Transcribe the lines exactly, beginning with the one that contains "You're the real |" and ending with the final line of the records. Do not transcribe pictures.

Source records:
*** Block opens ***

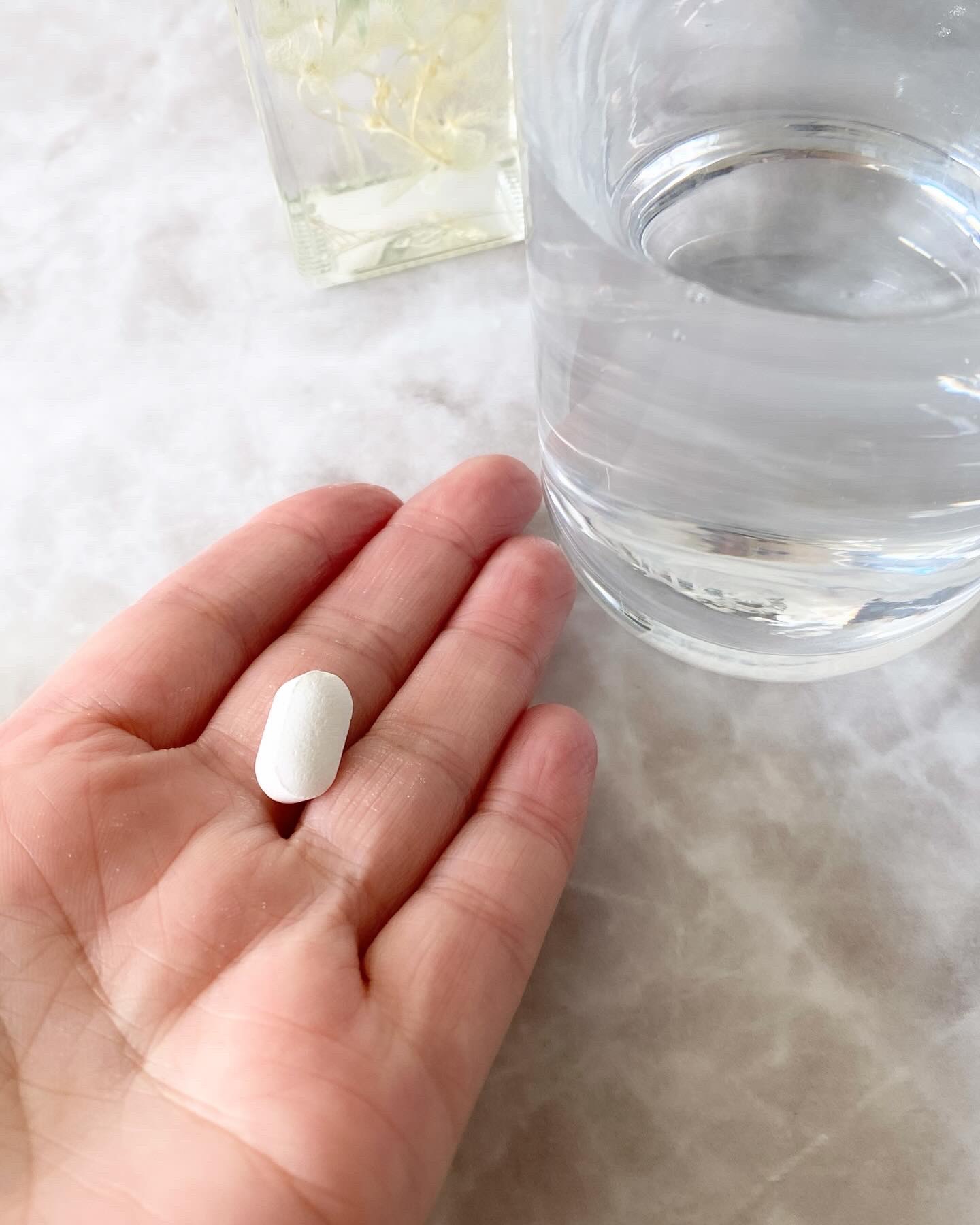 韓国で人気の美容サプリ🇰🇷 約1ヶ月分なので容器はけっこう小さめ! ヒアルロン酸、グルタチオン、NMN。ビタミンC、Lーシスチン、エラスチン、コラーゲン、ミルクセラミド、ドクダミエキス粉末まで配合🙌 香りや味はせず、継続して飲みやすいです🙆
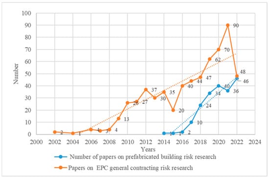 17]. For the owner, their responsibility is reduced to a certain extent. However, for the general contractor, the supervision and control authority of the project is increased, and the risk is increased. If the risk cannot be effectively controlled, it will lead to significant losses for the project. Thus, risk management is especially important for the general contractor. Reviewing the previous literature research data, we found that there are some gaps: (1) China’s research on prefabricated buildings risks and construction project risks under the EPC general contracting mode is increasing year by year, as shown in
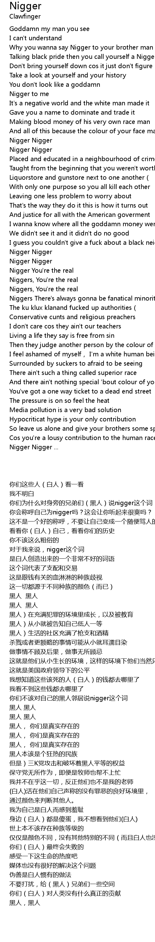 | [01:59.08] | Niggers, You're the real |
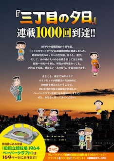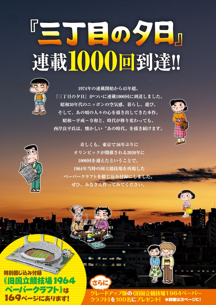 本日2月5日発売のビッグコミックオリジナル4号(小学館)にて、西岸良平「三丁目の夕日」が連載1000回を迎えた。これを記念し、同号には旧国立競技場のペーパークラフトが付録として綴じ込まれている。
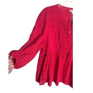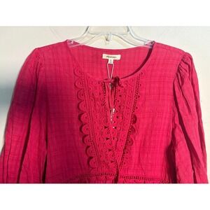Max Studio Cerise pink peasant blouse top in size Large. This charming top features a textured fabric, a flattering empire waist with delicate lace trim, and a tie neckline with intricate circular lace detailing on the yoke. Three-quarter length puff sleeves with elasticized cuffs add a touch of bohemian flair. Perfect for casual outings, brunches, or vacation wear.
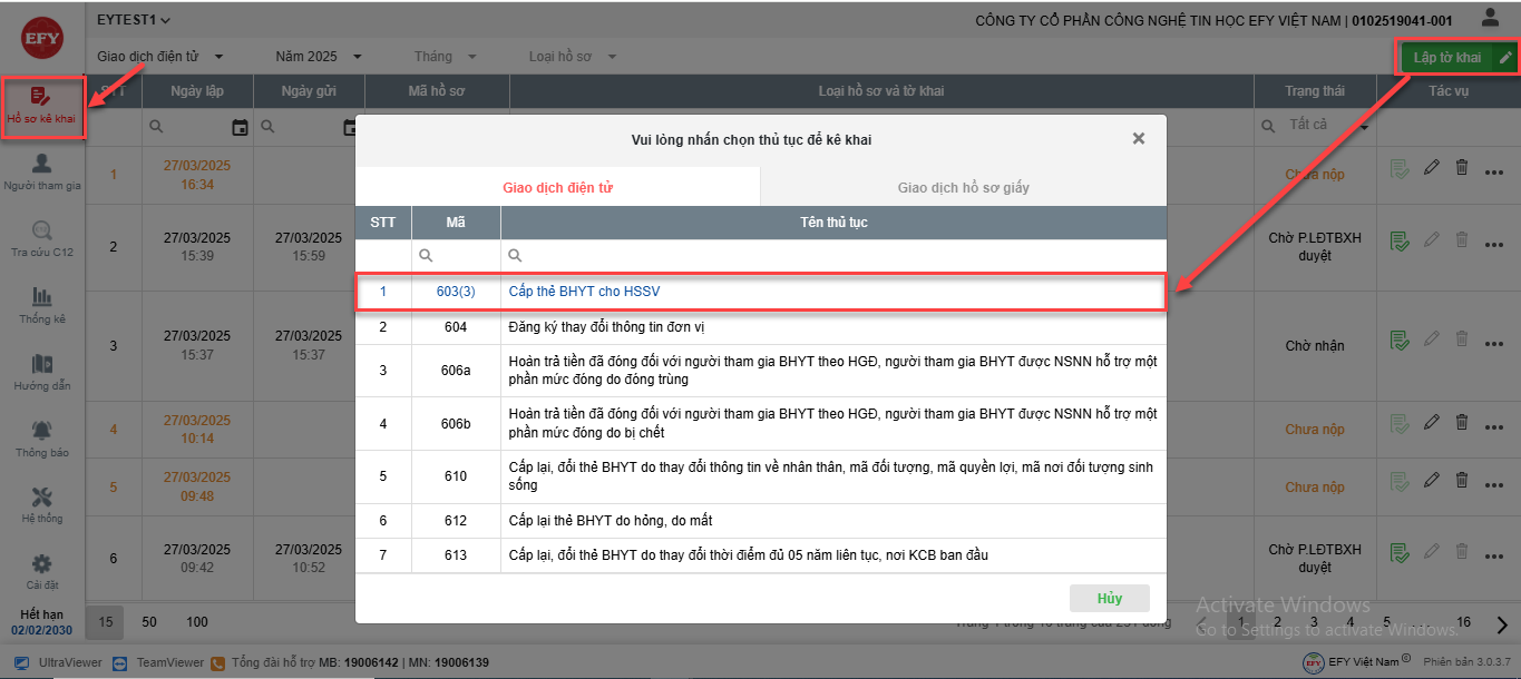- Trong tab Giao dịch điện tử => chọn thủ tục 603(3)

*** Block closes ***

OUTPUT OF THE EXERCISE:
 | [01:59.08] | Niggers, You're the real |
 本日2月5日発売のビッグコミックオリジナル4号(小学館)にて、西岸良平「三丁目の夕日」が連載1000回を迎えた。これを記念し、同号には旧国立競技場のペーパークラフトが付録として綴じ込まれている。
Max Studio Cerise pink peasant blouse top in size Large. This charming top features a textured fabric, a flattering empire waist with delicate lace trim, and a tie neckline with intricate circular lace detailing on the yoke. Three-quarter length puff sleeves with elasticized cuffs add a touch of bohemian flair. Perfect for casual outings, brunches, or vacation wear.
- Trong tab Giao dịch điện tử => chọn thủ tục 603(3)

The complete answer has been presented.